July marks the start of the WordPress 7.1 release cycle. Beta 1 arrives on July 15, weekly betas follow through the end of the month, and the final release is scheduled for August 19, 2026 – timed with WordCamp US. Meanwhile, WordPress 7.0.1 was released on July 9 as a maintenance release, bundling 13 Core fixes and 13 Gutenberg fixes.
From responsive styling and new blocks to AI-ready infrastructure and WordPress Playground improvements, here’s a quick overview of the most important developments from the past month.
WordPress 7.1: Mark Your Calendars
The 7.1 release cycle now has a confirmed schedule:
- Beta 1 – July 15
- Beta 2 – July 22
- Beta 3 – July 29
- Release Candidate 1 – August 5
- Final release – August 19, 2026, during WordCamp US
The Roadmap to 7.1 also lists several new blocks – Playlist, Table of Contents, and Tabs – along with pseudo-state styling and performance improvements. For plugin and theme developers, the next few weeks are the window to catch compatibility issues while they are still cheap to fix.
Responsive Styling Is Ready for Testing
After months of development, responsive styling has reached an official call for testing. Blocks can now be styled per viewport directly in the editor, and Gutenberg 23.5 replaces the fixed desktop/tablet/mobile preview toggle with a unified, freely resizable device preview.
For designers and content teams, this means much finer control over how websites look on every screen size – without custom code. Blocks using standard block supports get responsive styles automatically, while blocks with custom controls will need updates from their developers.

AI-Ready Foundations: Abilities and Knowledge
Two merge proposals show where WordPress is heading. The first expands the Abilities API with the first practical Core abilities for reading settings, content, and users – all read-only and built on existing permission checks. The second introduces a Knowledge system – a single place to store site guidelines, memories, and notes, with permissions and revisions built in.Together with the AI Client gaining streaming and embeddings support in 7.1, WordPress is steadily building the infrastructure that AI and automation features will rely on. The focus remains on solid foundations for developers rather than flashy user-facing AI features – a direction we welcome.
React 19: Time to Test Your Plugins
After June’s temporary revert, the React 19 story has moved from “watch” to “test.” Gutenberg 23.4 ships an experimental flag that swaps the React 18 bundles for React 19 at runtime, simulating exactly what plugins will face when WordPress makes the jump. Compatibility warnings now appear in the console whenever a plugin relies on removed legacy internals. For agencies maintaining client websites, this is the moment to verify that critical plugins are ready – every issue caught now is a problem avoided later.
Better Media Handling Continues
The media improvements from June kept moving forward. GIF uploads can now generate video companion files, HEIC and HEIF uploads are accepted even without server-side editing support, and upload queues in Gutenberg 23.4 are now offline-resilient. There’s also a small but welcome change for everyday users: the Media Library is getting infinite scrolling back, reversing a removal that dates all the way to WordPress 5.8 – this time with a user opt-out option.

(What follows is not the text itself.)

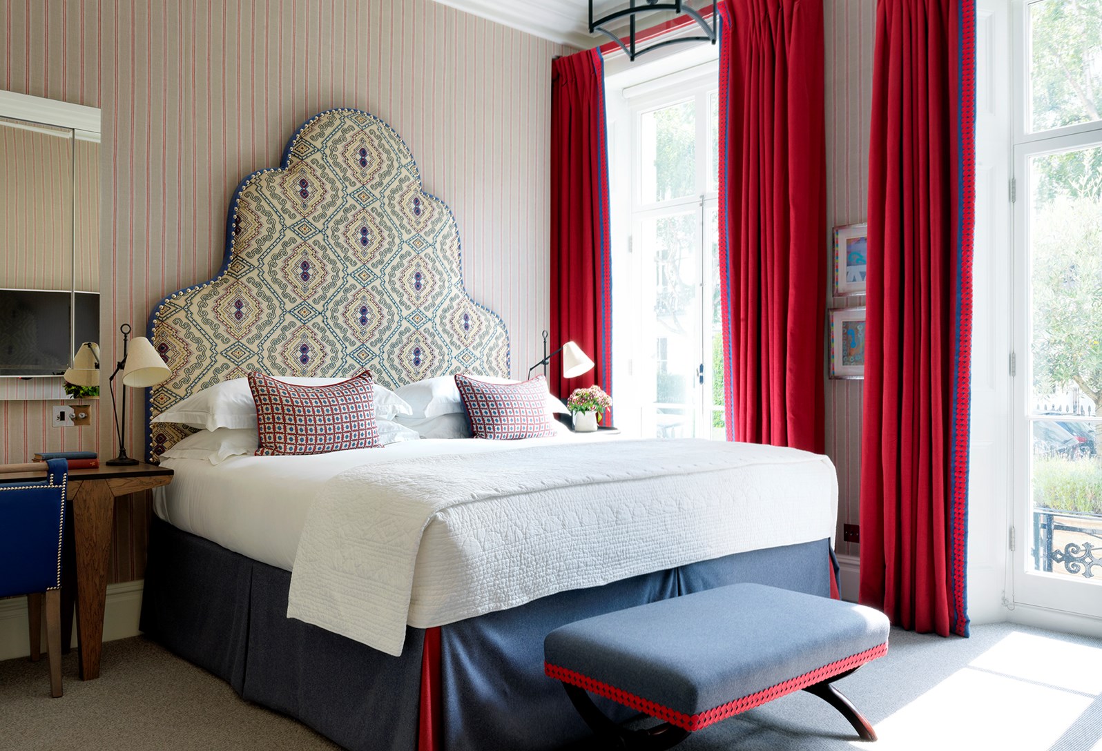O hotel tem 41 quartos e cada um tem uma decoração diferente do outro. As camas tem as cabeceiras altas e são forradas com belos tecidos. Alguns quartos têm vista para a rua Sumner Place, enquanto outros têm vista para o jardim. Dois deles tem varandas. Recomendo muito reservar os quartos com vista para o jardim, já que os quartos de frente para a rua podem ser um pouco barulhentos.

WordPress Studio Arrives on Linux
WordPress Studio had a big month: version 1.10 added long-awaited Linux support, and version 1.11 introduced Studio Code, an agentic development tool built into the desktop app. Usage is free during the beta phase, making Studio an increasingly complete environment for local WordPress development.
WordPress Playground Keeps Maturing
WordPress Playground shipped five releases during the window. Blueprint authors received practical upgrades like activation options and error handling for plugin installs, Personal Playground gained MCP support that lets AI agents work with the Abilities API directly, and it’s now even possible to open your Personal Playground from another device over WebRTC.
Looking Ahead
July’s updates make the direction clear: WordPress 7.1 is on track for August 19, responsive styling is finally in users’ hands, and the platform is quietly building the foundations for AI and automation – all while staying true to its open-source roots.
With Beta 1 landing mid-July, now is the time for agencies and developers to start testing – and for website owners to make sure their sites are ready for what’s coming in August.